→ MATERIAL PROVIDED
━━━━━━━━
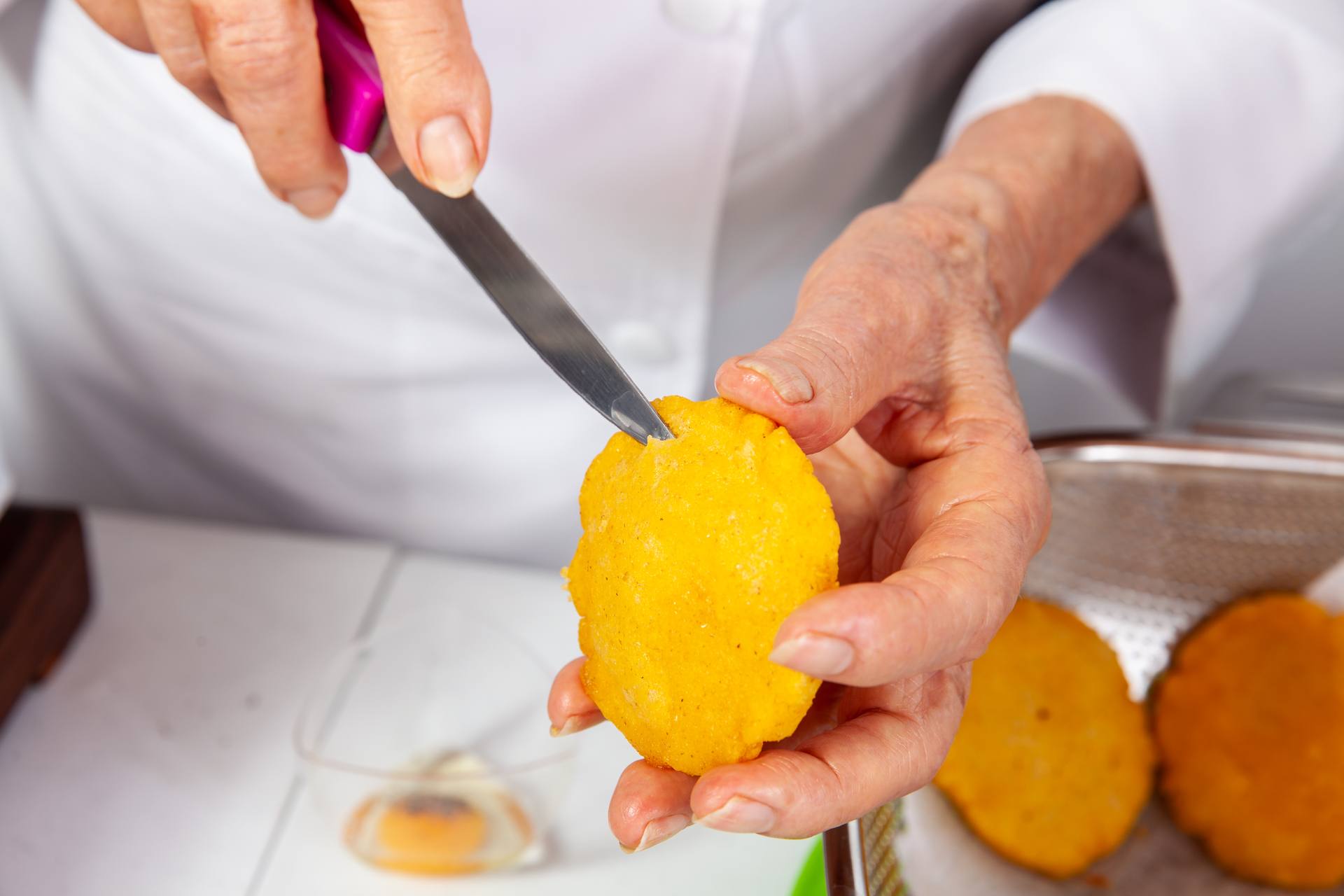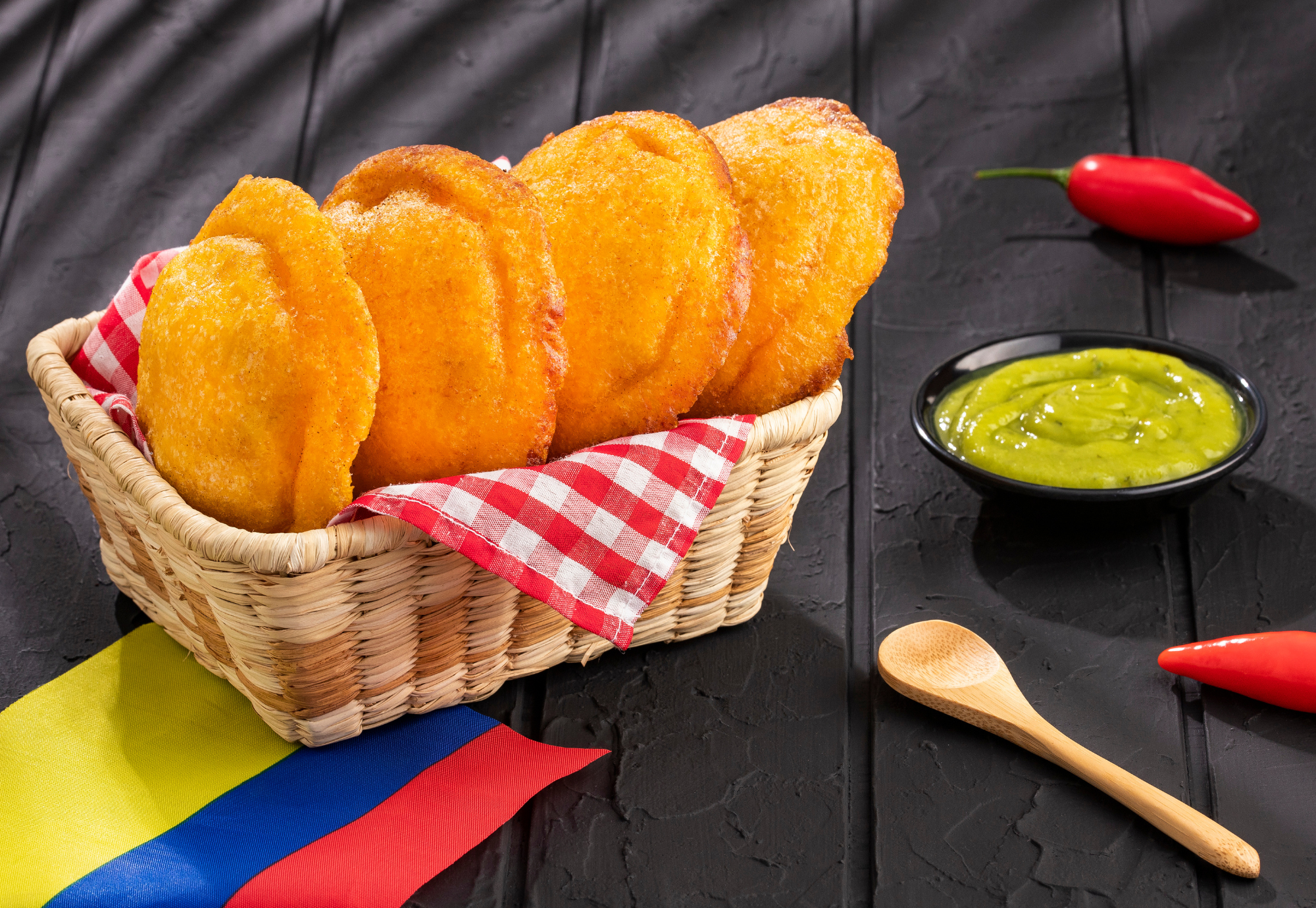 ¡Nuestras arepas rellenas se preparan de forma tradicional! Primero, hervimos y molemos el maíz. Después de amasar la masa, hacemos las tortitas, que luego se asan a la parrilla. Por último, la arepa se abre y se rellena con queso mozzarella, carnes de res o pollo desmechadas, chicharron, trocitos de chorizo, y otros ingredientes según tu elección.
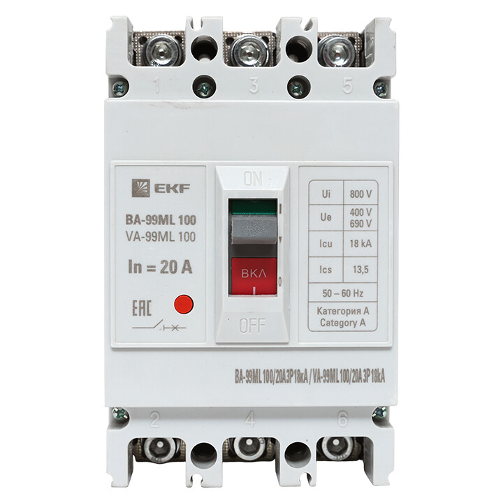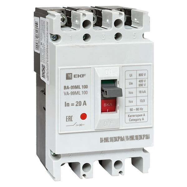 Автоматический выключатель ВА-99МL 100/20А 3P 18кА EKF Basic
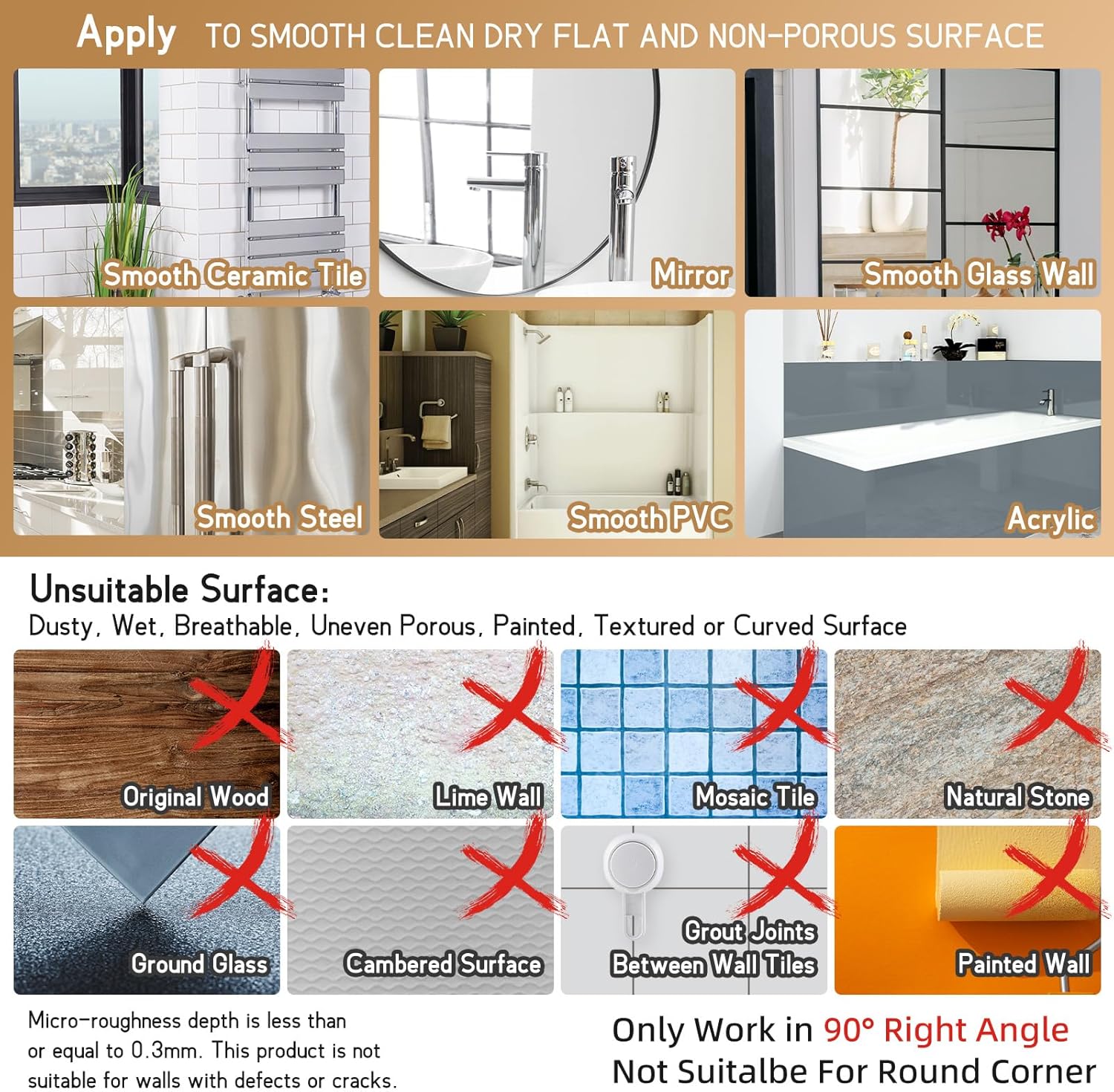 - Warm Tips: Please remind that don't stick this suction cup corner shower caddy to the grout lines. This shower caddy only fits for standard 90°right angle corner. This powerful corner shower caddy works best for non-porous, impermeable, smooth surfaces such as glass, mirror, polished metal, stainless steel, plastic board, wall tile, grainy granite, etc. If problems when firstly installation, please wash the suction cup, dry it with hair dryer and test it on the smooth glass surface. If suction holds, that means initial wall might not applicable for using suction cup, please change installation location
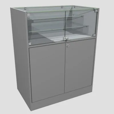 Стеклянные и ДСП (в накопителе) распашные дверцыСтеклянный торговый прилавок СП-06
━━━━━━━━
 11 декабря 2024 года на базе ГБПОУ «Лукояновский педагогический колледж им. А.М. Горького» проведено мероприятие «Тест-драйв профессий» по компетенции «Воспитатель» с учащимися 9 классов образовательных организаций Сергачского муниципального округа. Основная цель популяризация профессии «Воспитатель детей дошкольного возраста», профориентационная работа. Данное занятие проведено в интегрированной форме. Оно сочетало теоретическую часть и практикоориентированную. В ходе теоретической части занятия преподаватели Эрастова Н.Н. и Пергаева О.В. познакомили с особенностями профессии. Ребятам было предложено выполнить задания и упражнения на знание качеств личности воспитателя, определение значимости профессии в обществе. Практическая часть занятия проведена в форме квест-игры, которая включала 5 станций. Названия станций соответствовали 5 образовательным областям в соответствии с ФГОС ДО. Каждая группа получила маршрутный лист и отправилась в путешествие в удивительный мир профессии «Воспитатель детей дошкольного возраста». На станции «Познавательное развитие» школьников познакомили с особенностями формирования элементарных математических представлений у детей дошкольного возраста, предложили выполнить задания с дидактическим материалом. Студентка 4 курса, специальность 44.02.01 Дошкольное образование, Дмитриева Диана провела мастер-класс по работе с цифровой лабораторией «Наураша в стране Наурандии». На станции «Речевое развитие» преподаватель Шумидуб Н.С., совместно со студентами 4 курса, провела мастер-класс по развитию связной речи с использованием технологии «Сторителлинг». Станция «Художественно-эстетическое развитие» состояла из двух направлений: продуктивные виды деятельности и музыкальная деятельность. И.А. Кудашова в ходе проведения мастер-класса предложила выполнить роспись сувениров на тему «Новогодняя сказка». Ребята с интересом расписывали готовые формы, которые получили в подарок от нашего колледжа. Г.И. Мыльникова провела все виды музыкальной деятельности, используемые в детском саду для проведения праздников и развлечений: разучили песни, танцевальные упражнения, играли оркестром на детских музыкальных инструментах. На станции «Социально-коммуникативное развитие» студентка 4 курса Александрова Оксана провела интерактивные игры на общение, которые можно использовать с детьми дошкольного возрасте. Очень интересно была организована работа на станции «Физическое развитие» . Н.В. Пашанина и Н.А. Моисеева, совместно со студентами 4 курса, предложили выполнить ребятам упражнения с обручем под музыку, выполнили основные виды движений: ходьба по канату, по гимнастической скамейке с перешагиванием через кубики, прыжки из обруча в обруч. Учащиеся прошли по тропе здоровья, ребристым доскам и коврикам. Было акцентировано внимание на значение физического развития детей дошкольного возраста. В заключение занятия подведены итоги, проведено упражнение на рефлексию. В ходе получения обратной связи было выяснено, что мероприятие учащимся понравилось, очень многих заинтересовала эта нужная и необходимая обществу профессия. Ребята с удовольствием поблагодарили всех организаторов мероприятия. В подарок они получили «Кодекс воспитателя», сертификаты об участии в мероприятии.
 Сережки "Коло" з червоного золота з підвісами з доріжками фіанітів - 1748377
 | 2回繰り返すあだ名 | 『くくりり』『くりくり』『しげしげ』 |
━━━━━━━━
Write out, word for word, the stretch of entries that begins at the line with "Автоматический выключатель ВА-99МL" and ends at the line with "Стеклянные и ДСП". Pictures do not belong in it.

 Автоматический выключатель ВА-99МL 100/20А 3P 18кА EKF Basic
 - Warm Tips: Please remind that don't stick this suction cup corner shower caddy to the grout lines. This shower caddy only fits for standard 90°right angle corner. This powerful corner shower caddy works best for non-porous, impermeable, smooth surfaces such as glass, mirror, polished metal, stainless steel, plastic board, wall tile, grainy granite, etc. If problems when firstly installation, please wash the suction cup, dry it with hair dryer and test it on the smooth glass surface. If suction holds, that means initial wall might not applicable for using suction cup, please change installation location
 Стеклянные и ДСП (в накопителе) распашные дверцыСтеклянный торговый прилавок СП-06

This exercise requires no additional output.